◆ **Activity**: Only the pictures are dropped. Restate each line below word for word.

◆ **Dataset excerpt**:
┄┄┄┄┄┄┄┄┄┄┄┄┄┄┄┄┄┄┄┄
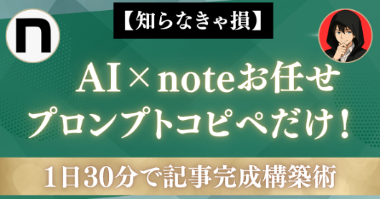 【知らなきゃ損】 AI×noteお任せプロンプトコピペだけ!1日30分で記事完成構築術
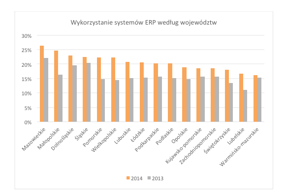 Przyglądając się wykorzystaniu systemów klasy ERP według administracyjnego podziału na województwa, niekwestionowanym „zwycięzcą” jest województwo mazowieckie, gdzie aż 26 procent wszystkich zarejestrowanych tam firm korzysta z oprogramowania ERP. O 1 procent mniej zdecydowało się na system ERP w woj. małopolskim. Trzecim województwem z największą ilością funkcjonujących systemów klasy ERP jest dolnośląskie. Co ciekawe, w 2013 roku na drugim miejscu znalazło się woj. śląskie, zaś pierwsza i trzecia lokata pozostały niezmienne. Kształtowanie się liczb przedstawia poniższy wykres.
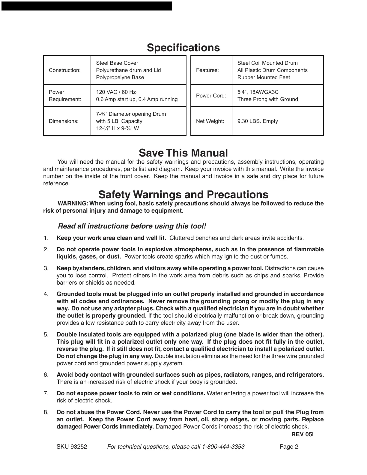 SKU 93252 For technical questions, please call 1-800-444-3353 Page 2
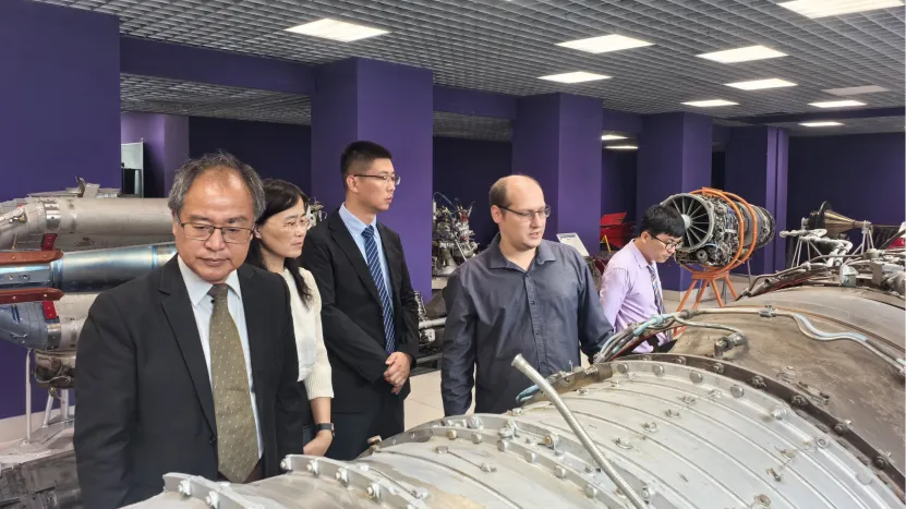 双边研讨会期间,莫斯科航空学院相关专业教学和科研人员陪同北航代表团参观了飞机机库和航空发动机陈列室,并进行了专业细致的现场讲解。最后,能源与动⼒⼯程学院副院长邱璐向莫斯科航空学院赠送了北航⽂化纪念品,双⽅均期待未来密切的合作。
┄┄┄┄┄┄┄┄┄┄┄┄┄┄┄┄┄┄┄┄
◆ **Answer to this problem**:
 【知らなきゃ損】 AI×noteお任せプロンプトコピペだけ!1日30分で記事完成構築術
 Przyglądając się wykorzystaniu systemów klasy ERP według administracyjnego podziału na województwa, niekwestionowanym „zwycięzcą” jest województwo mazowieckie, gdzie aż 26 procent wszystkich zarejestrowanych tam firm korzysta z oprogramowania ERP. O 1 procent mniej zdecydowało się na system ERP w woj. małopolskim. Trzecim województwem z największą ilością funkcjonujących systemów klasy ERP jest dolnośląskie. Co ciekawe, w 2013 roku na drugim miejscu znalazło się woj. śląskie, zaś pierwsza i trzecia lokata pozostały niezmienne. Kształtowanie się liczb przedstawia poniższy wykres.
 SKU 93252 For technical questions, please call 1-800-444-3353 Page 2
 双边研讨会期间,莫斯科航空学院相关专业教学和科研人员陪同北航代表团参观了飞机机库和航空发动机陈列室,并进行了专业细致的现场讲解。最后,能源与动⼒⼯程学院副院长邱璐向莫斯科航空学院赠送了北航⽂化纪念品,双⽅均期待未来密切的合作。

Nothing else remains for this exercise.